Personal information
- Full name: Timothy Edward Coleman
- Born: 19 June 1971 (age 55) Wellingborough, Northamptonshire, England
- Batting: Right-handed
- Bowling: Right-arm off break

Domestic team information
- 1999, 2001: Northamptonshire Cricket Board

Career statistics
| Competition | LA |
| Matches | 4 |
| Runs scored | 214 |
| Batting average | 53.50 |
| 100s/50s | –/2 |
| Top score | 82 |
| Balls bowled | – |
| Wickets | – |
| Bowling average | – |
| 5 wickets in innings | – |
| 10 wickets in match | – |
| Best bowling | – |
| Catches/stumpings | –/– |
- Source: Cricinfo, 21 November 2010

= Tim Coleman (cricketer, born 1971) =

English cricketer

Timothy Edward Coleman (born 19 June 1971) is a former English cricketer. Coleman was a right-handed batsman and bowled right-arm off break. He was born in Wellingborough, Northamptonshire.

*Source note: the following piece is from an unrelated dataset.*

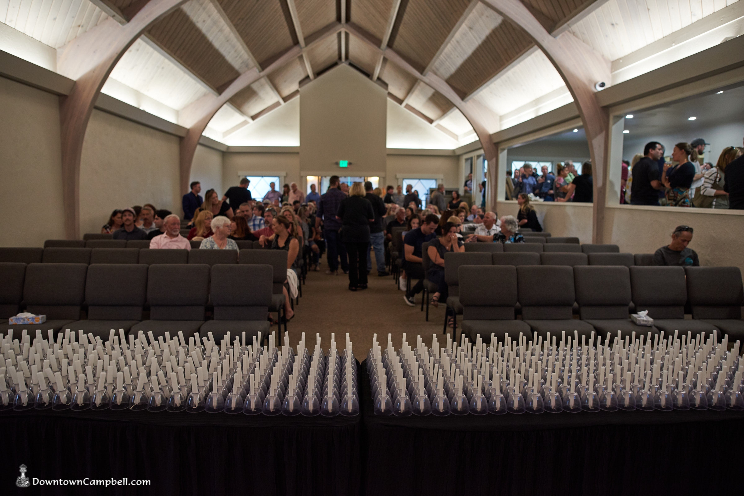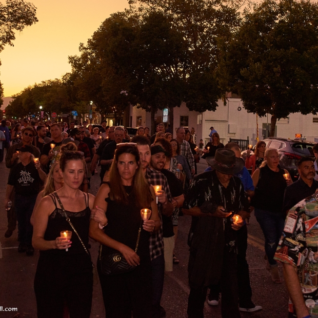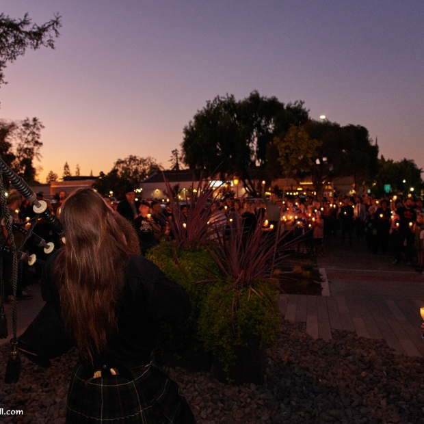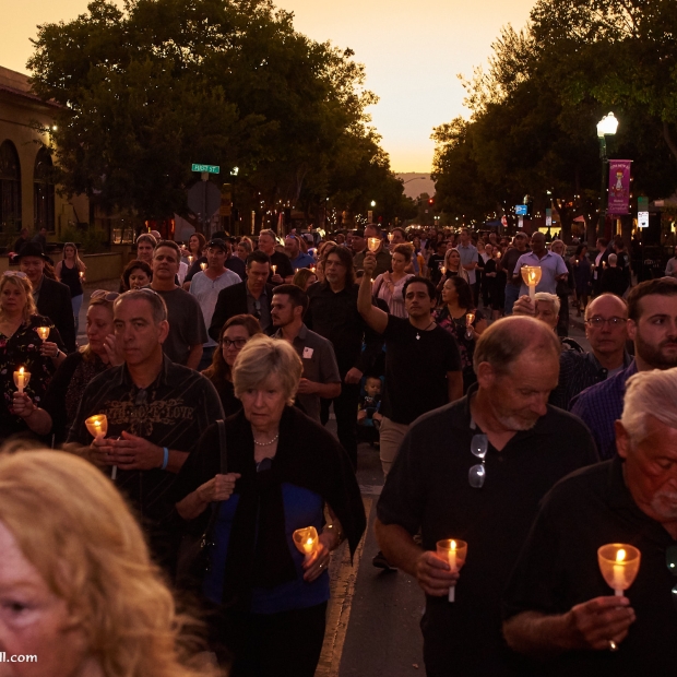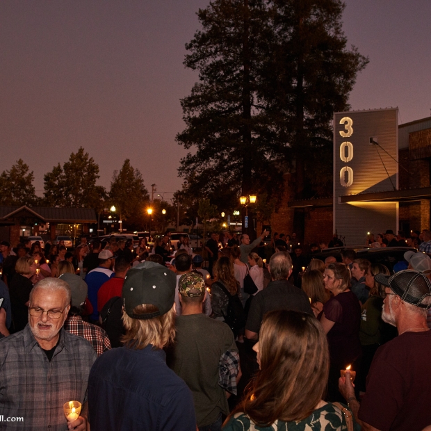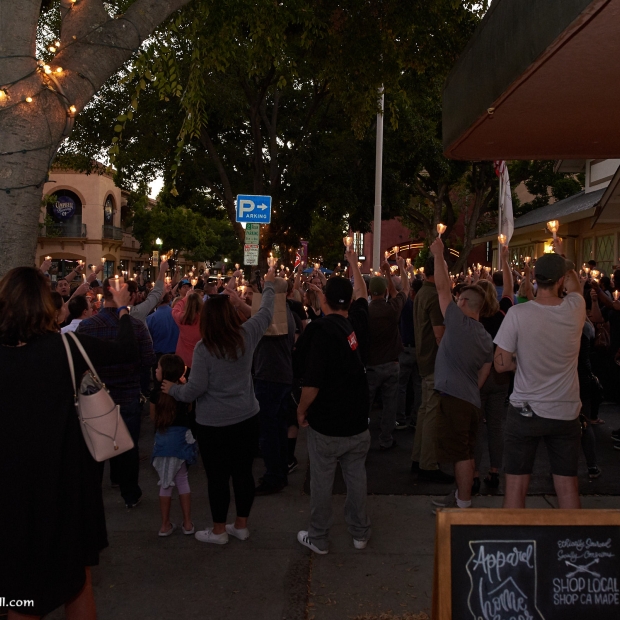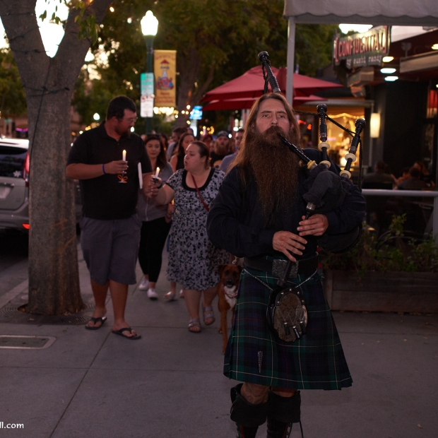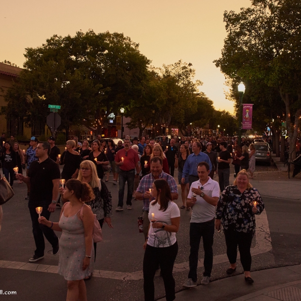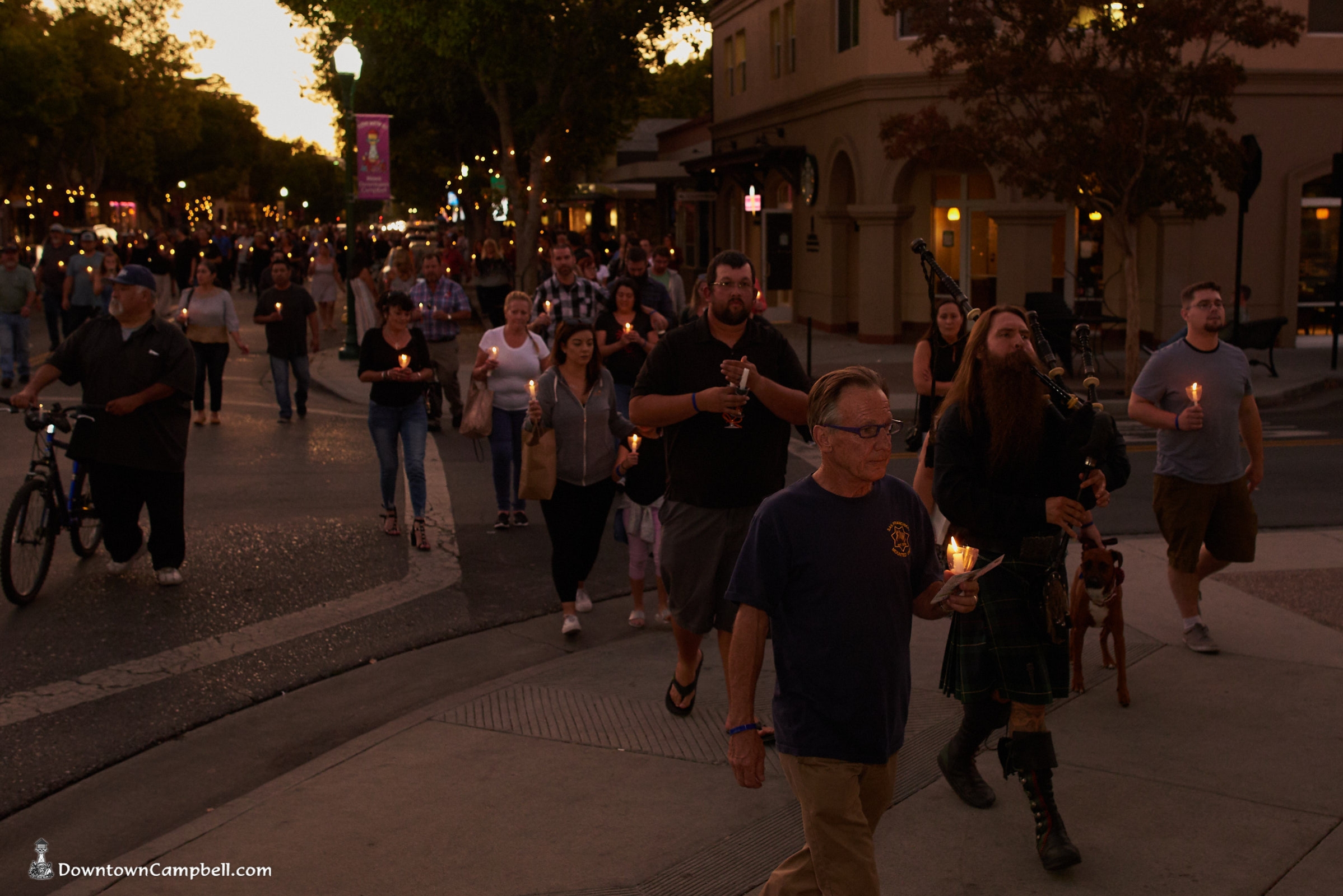 It was an unusual sight in Downtown Campbell this Monday night. Traffic was heavy and parking spaces were hard to come by even though many of the stores were closed early. Our apologies for the inconvenience, but we were honoring a friend. We didn't plan to close the street on you, but when a river of flickering candles spills into the street and drifts silently down the road, it's a road closure by any other name. We're also sorry that some who came to the event didn't get a candle. There were 500 prepared and a few more than expected showed up.

Coleman represented the Northamptonshire Cricket Board in List A cricket. His debut List A match came against Wiltshire in the 1999 NatWest Trophy. In 1999 and 2001, he represented the Board in 4 List A matches. Northamptonshire Board beat Yorkshire Cricket Board in the 2nd round of the 2001 Cheltenham & Gloucester Trophy Coleman scoring 82 runs and the Man of the Match award . He made a half century 68 in round 3 against Northamptonshire County Cricket Club . In his 4 List A matches, he scored 214 runs at a batting average of 53.50, with 2 half centuries and a high score of 82.

Coleman also played MCCA Knockout Trophy cricket for Cambridgeshire, making his debut for the county against Norfolk and playing 3 further Trophy matches in the 2000 season.

He played league cricket for Finedon Dolben(6) and Wellingborough Town(1) with 7 Premier league titles . He made 35 Northamptonshire league Centuries, 21 of which were in the Premier Division.

Coleman also had 24 Caps playing 8 a side Indoor cricket for England 1991–1998. Playing in 2 world Cups, with the England Team he toured Australia twice, South Africa twice and New Zealand once.